• Task instructions
Each and every line below goes into your answer unchanged, but leave out the images.

• Input data
--*--
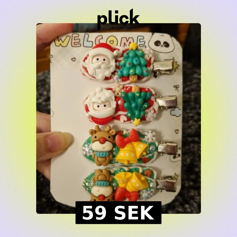 Två par hårspännen med jultema. Varje spänne har en unik design med julmotiv Perfekt för en unik present! Längd 6 cm
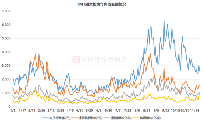 注:TMT四大板块年内成交额情况(截至11月24日收盘)
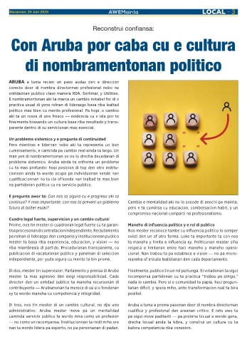 Di tres, nos tin mester di un cambio cultural, no djis uno Aruba a tuma e prome pasonan door di nombra directornan
--*--
• Solution to this problem
 Två par hårspännen med jultema. Varje spänne har en unik design med julmotiv Perfekt för en unik present! Längd 6 cm
 注:TMT四大板块年内成交额情况(截至11月24日收盘)
 Di tres, nos tin mester di un cambio cultural, no djis uno Aruba a tuma e prome pasonan door di nombra directornan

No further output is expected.